Problem requirements: What is needed is a word-for-word transcript of the listing, free of pictures.

Dataset extract:
[Start of Attachment]
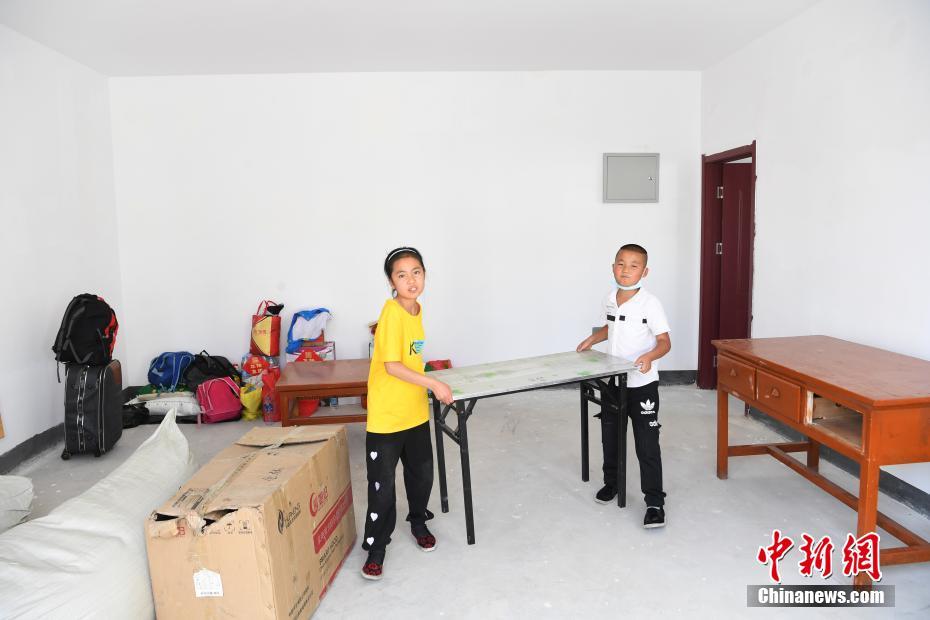 8月7日,甘肅省舟曲縣首批60戶289名地質(zhì)災(zāi)害避險(xiǎn)搬遷村民到達(dá)蘭州新區(qū)并入住,11歲小女孩虎紅霞和弟弟在新家內(nèi)整理家具。甘肅舟曲縣啟動地質(zhì)災(zāi)害避險(xiǎn)搬遷工作,第一批次60戶289人集中告別故土,乘車前往數(shù)百公里之外的蘭州新區(qū)。 中新社記者 楊艷敏 攝
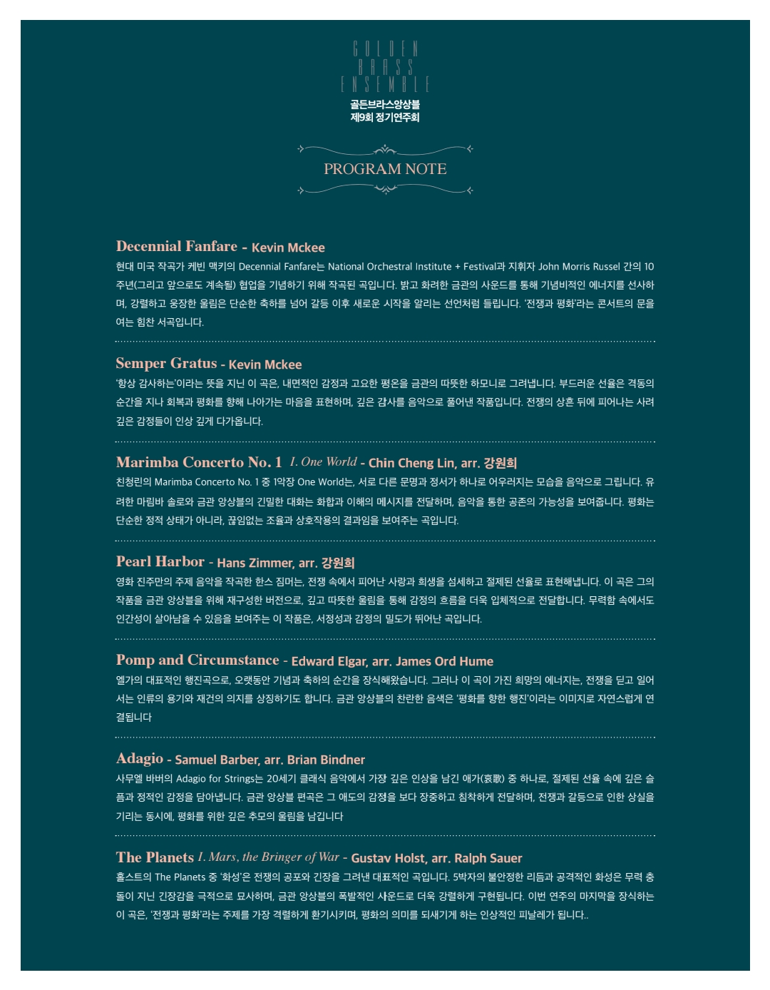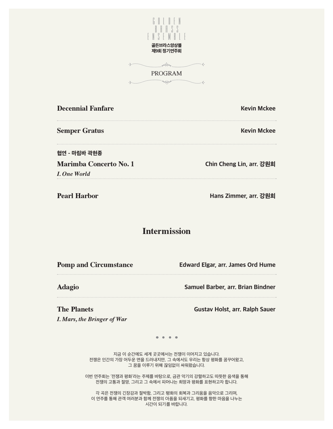 각 곡은 전쟁의 긴장감과 절박함, 그리고 평화의 회복과 그리움을 음악으로 그리며, 이 연주를 통해 관객 여러분과 함께 전쟁의 아픔을 되새기고, 평화를 향한 마음을 나누는 시간이 되기를 바랍니다.
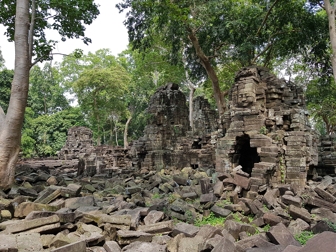7시에 출발해서 반티츠마 방향으로 뛰었다. 오래 달리기에 이쪽 길이 차량도 적고 도로 사정도 좋다. 반티츠마는 가장 화려한 앙코르 제국을 연 자야바르만 7세가 전쟁에서 죽은 아들을 위로하기 위해 12c 지은 사원이다. 크기가 엄청나서 작은 앙코르톰이라고 불린다. 그 성안에는 또 다른 도시가 형성되어 있었다. 지금은 다 무너져 내려 복원조차 힘들다.
[End of Attachment]
Solution below:
 8月7日,甘肅省舟曲縣首批60戶289名地質(zhì)災(zāi)害避險(xiǎn)搬遷村民到達(dá)蘭州新區(qū)并入住,11歲小女孩虎紅霞和弟弟在新家內(nèi)整理家具。甘肅舟曲縣啟動地質(zhì)災(zāi)害避險(xiǎn)搬遷工作,第一批次60戶289人集中告別故土,乘車前往數(shù)百公里之外的蘭州新區(qū)。 中新社記者 楊艷敏 攝
 각 곡은 전쟁의 긴장감과 절박함, 그리고 평화의 회복과 그리움을 음악으로 그리며, 이 연주를 통해 관객 여러분과 함께 전쟁의 아픔을 되새기고, 평화를 향한 마음을 나누는 시간이 되기를 바랍니다.
7시에 출발해서 반티츠마 방향으로 뛰었다. 오래 달리기에 이쪽 길이 차량도 적고 도로 사정도 좋다. 반티츠마는 가장 화려한 앙코르 제국을 연 자야바르만 7세가 전쟁에서 죽은 아들을 위로하기 위해 12c 지은 사원이다. 크기가 엄청나서 작은 앙코르톰이라고 불린다. 그 성안에는 또 다른 도시가 형성되어 있었다. 지금은 다 무너져 내려 복원조차 힘들다.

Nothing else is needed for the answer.